Ao estabelecer a referida pena, o legislador levou em conta o alto grau de reprovabilidade social do referido delito. Se o ato de estuprar já é um dos crimes mais bárbaros que se tem em conta, o fato de ser a vítima uma pessoa vulnerável leva a uma verdadeira revolta da população, não sendo raro os casos de linchamentos dos agentes que cometem o crime do art. 217-A do Código Penal.

A proporcionalidade aliada ao princípio ora em tela deixa claro que a individualização da pena e o equilíbrio entre crime e punição é uma tarefa complexa, de forma que o legislador e o juiz do caso concreto devem realizá-la em diversas fases.

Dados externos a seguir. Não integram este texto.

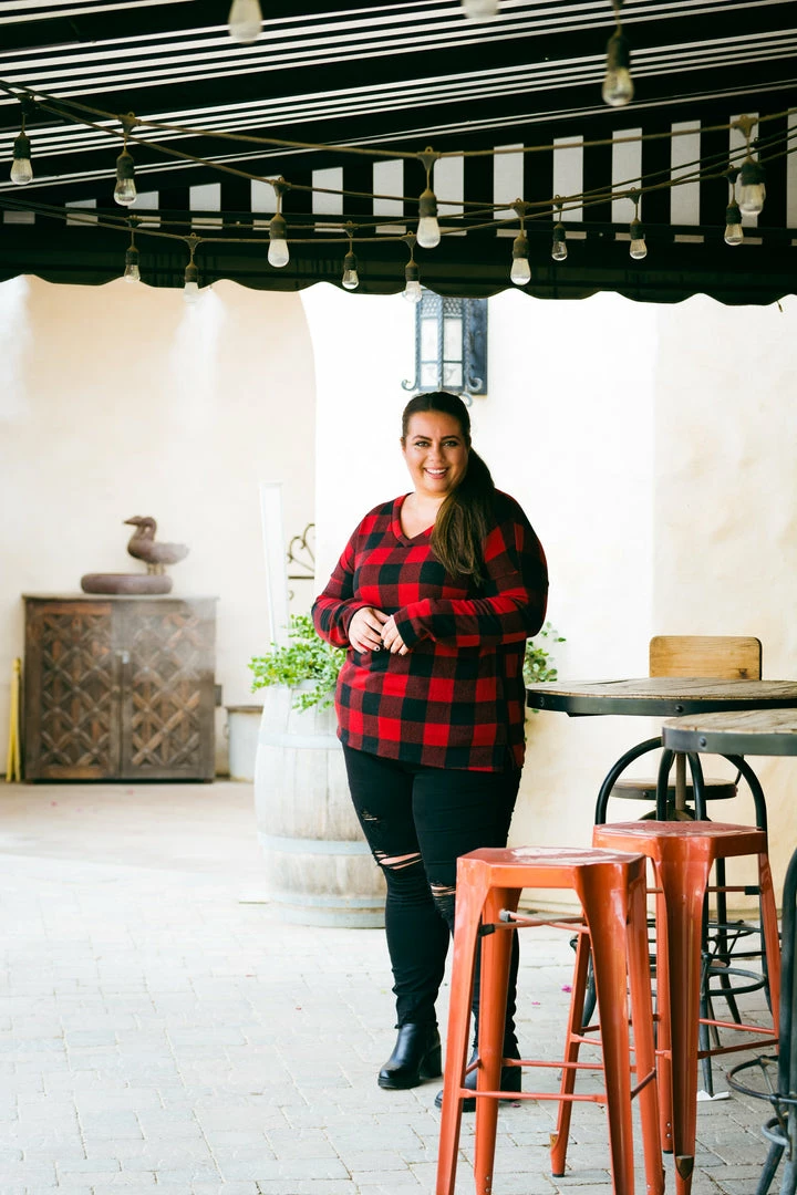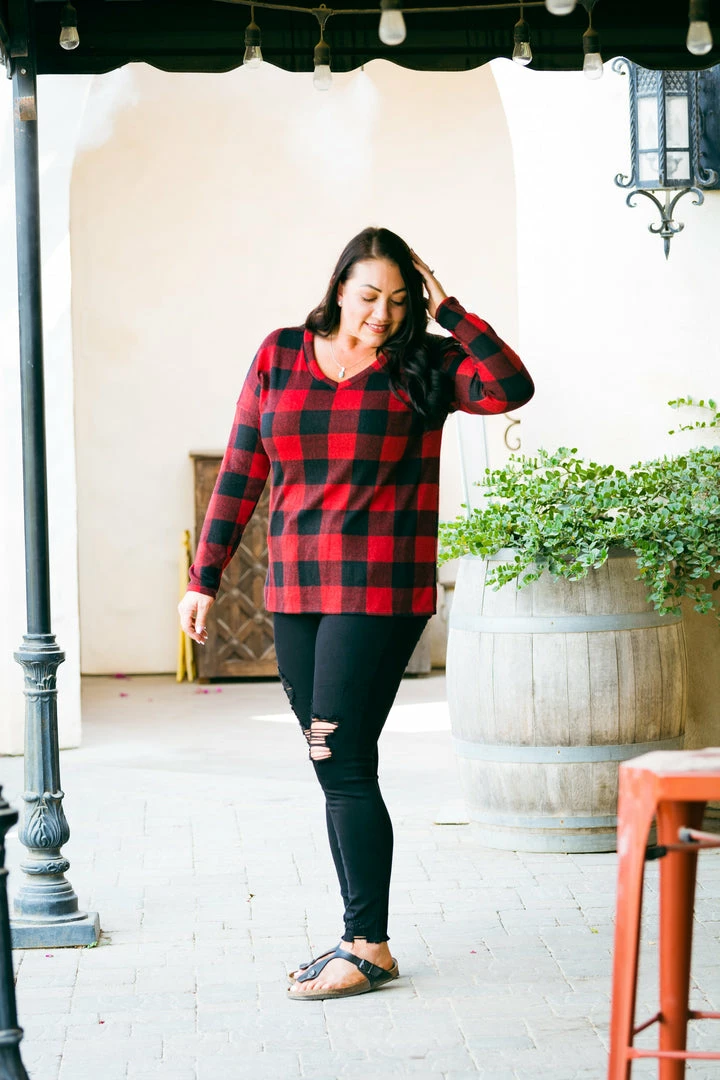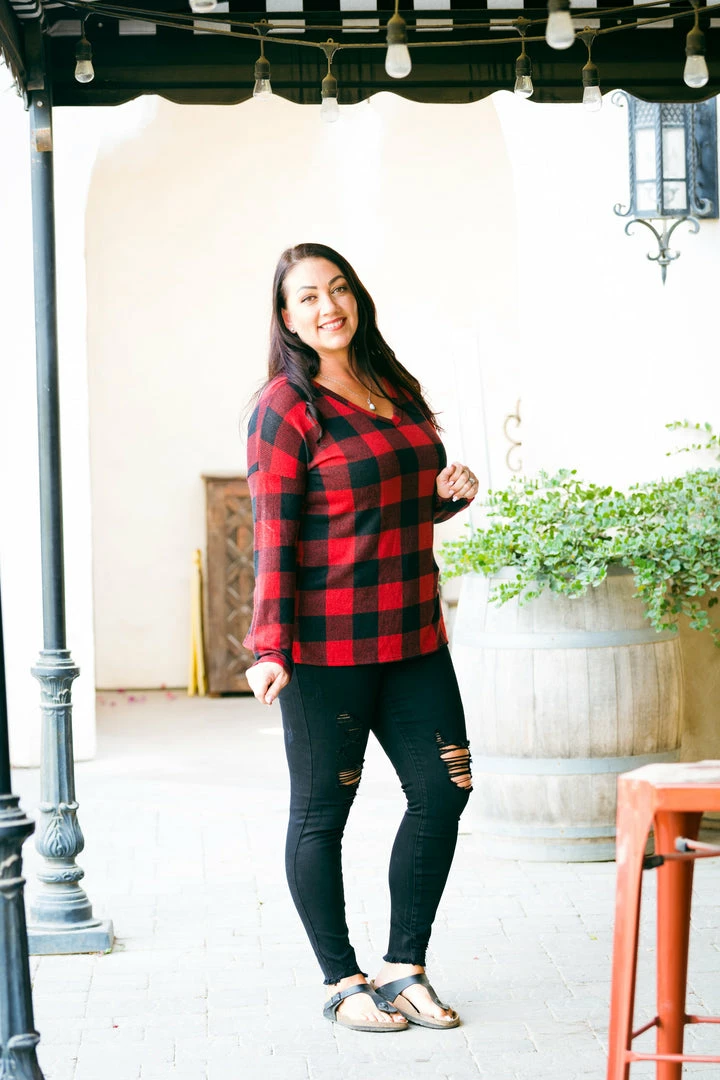 We are mad about plaid, and this deep v-neck pullover takes the cake. Featuring long sleeves, and a rounded hi-lo hem, this pullover looks amazing on all body types.
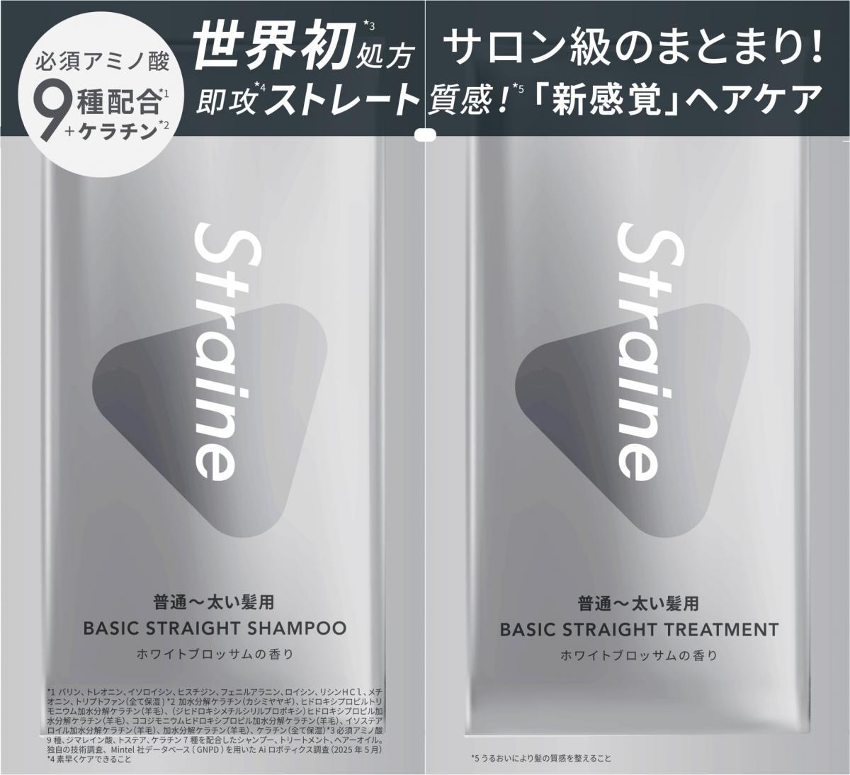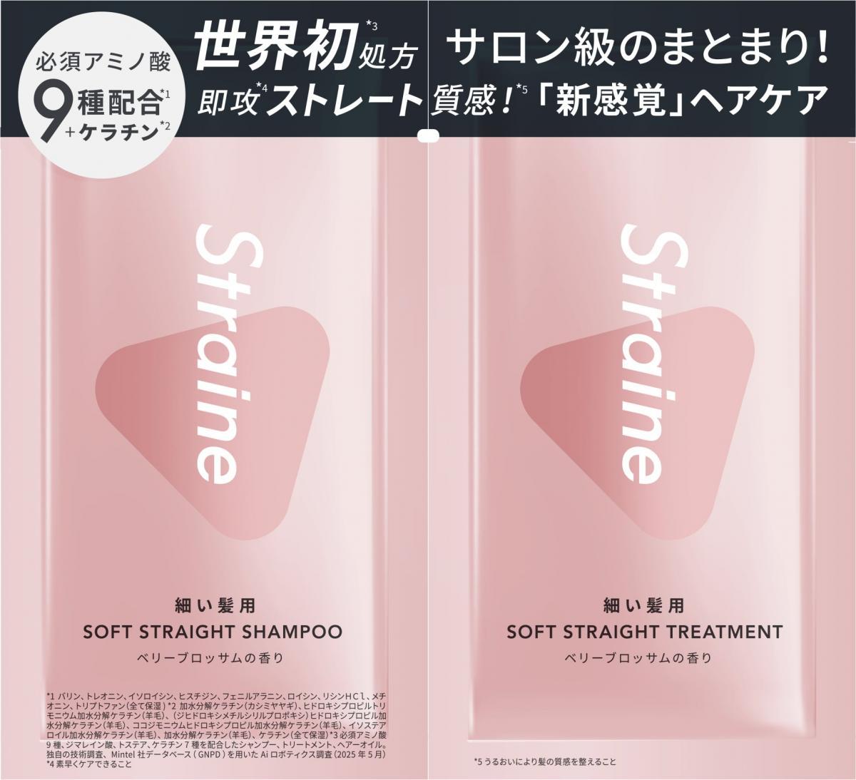「straight(真っすぐ)」と「line(線)」を掛け合わせて名付けたという「Straine」ブランド。毛髪構造を深く研究して開発した本格処方でストレートヘアケアを実現するといい、より幅広い髪の悩みに応えるため、髪の太さによって異なる内部構造に着目し、普通~太い髪用「BASIC」と細い髪用「SOFT」、2つのラインを4月1日に発売しました。
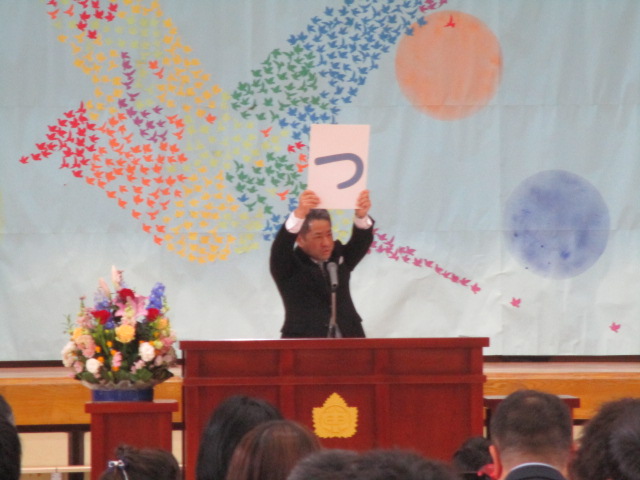 続いて,始業式です。校長の話の中で,今年のテーマが発表されました。
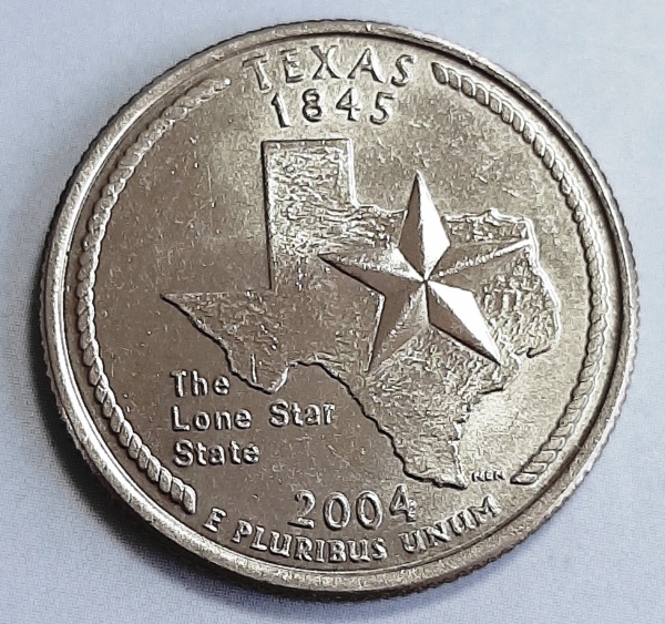 • Estados Unidos 2004 `Texas` Moeda Comemorativa da Série State Quarters Cunhagem `D` Denver KM# 357
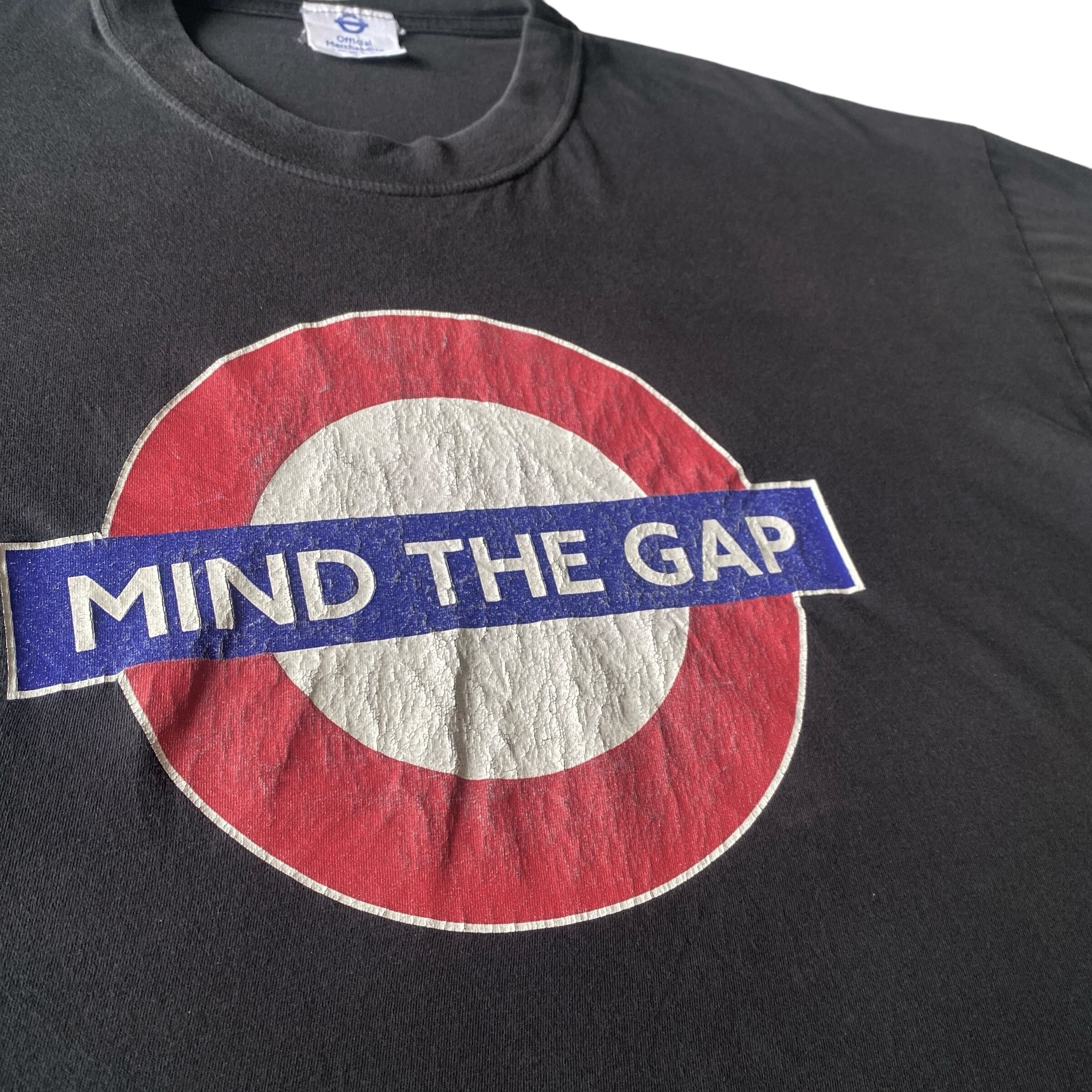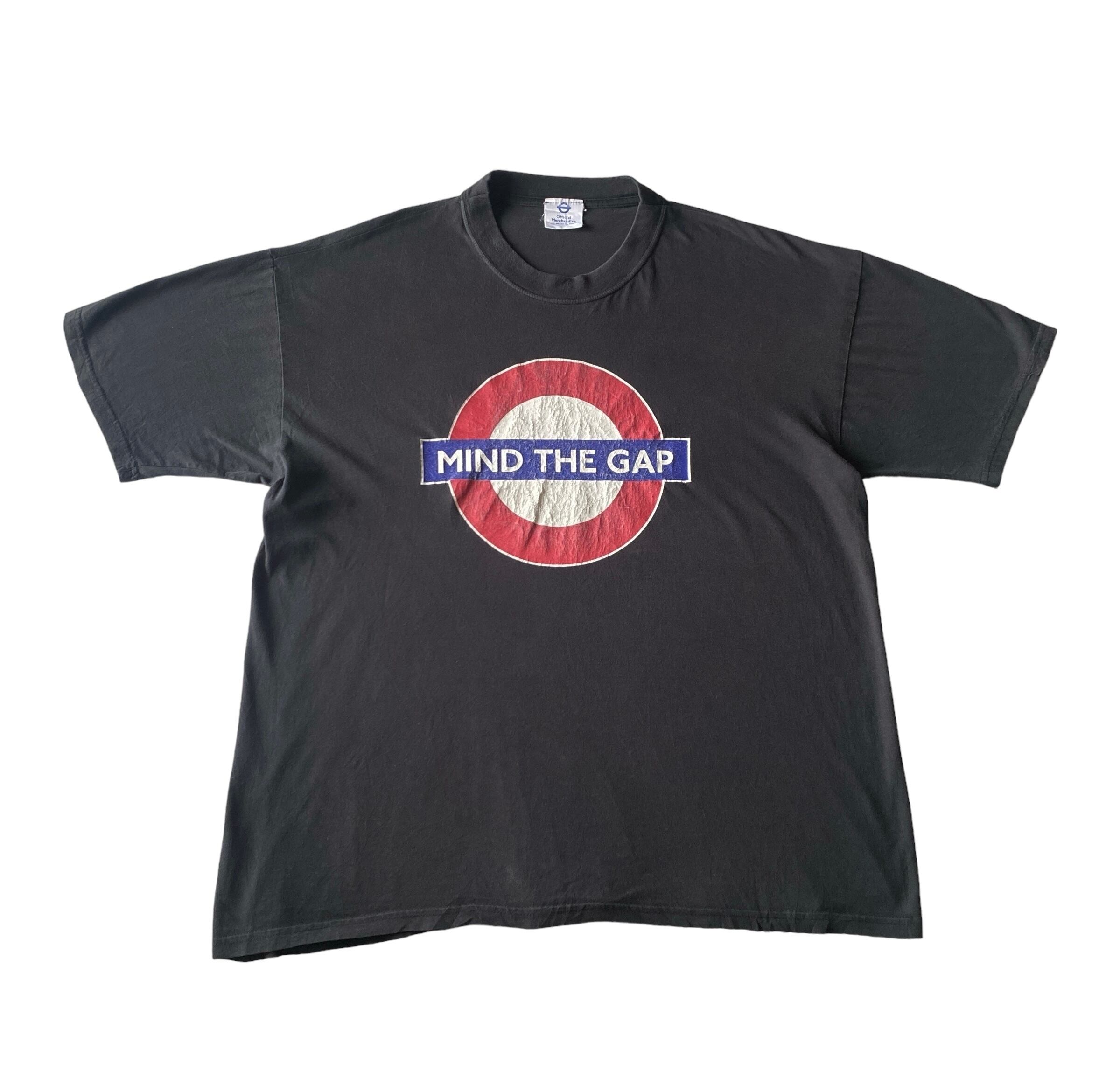 通常はLONDON UNDER GROUNDとかかれたロゴなのですが、実在するアナウンス「MIND THE GAP」(隙間に気をつけての意)に置き換えたセルフパロディがユニークな一着。

O legislador deve disciplinar a cominação da pena já no tipo penal, estabelecendo a punição máxima e a punição mínima. Deve levar em conta, neste caso, o bem jurídico que a conduta tipificada ofende. A repulsa social àquela determinada prática ofensiva deve ser proporcional à pena, de modo que os crimes contra a vida, por exemplo, tenham penas maiores do que os crimes contra a honra, que não são tão lesivos ao indivíduo quanto aqueles. O legislador deve ainda criar mecanismos de dosagem, como o fez no título ora estudado, dispondo no art. 226 causas de aumento de pena em relação a esses casos, bem como em relação ao concurso de pessoas.

O juiz sentenciante, por sua vez, deve dimensionar a pena de acordo com a intensidade da lesão causada pela conduta típica no caso concreto. De acordo com o contexto probatório produzido, deve fazer uso de outros mecanismos de dosagem, como a aplicação de circunstâncias qualificadoras e a própria dosimetria inicial tendo como referência o iter criminis, punindo-se com maior rigor aquela conduta que atacou efetivamente o bem jurídico tutelado, e com menor pena aquela culminou apenas com uma tentativa.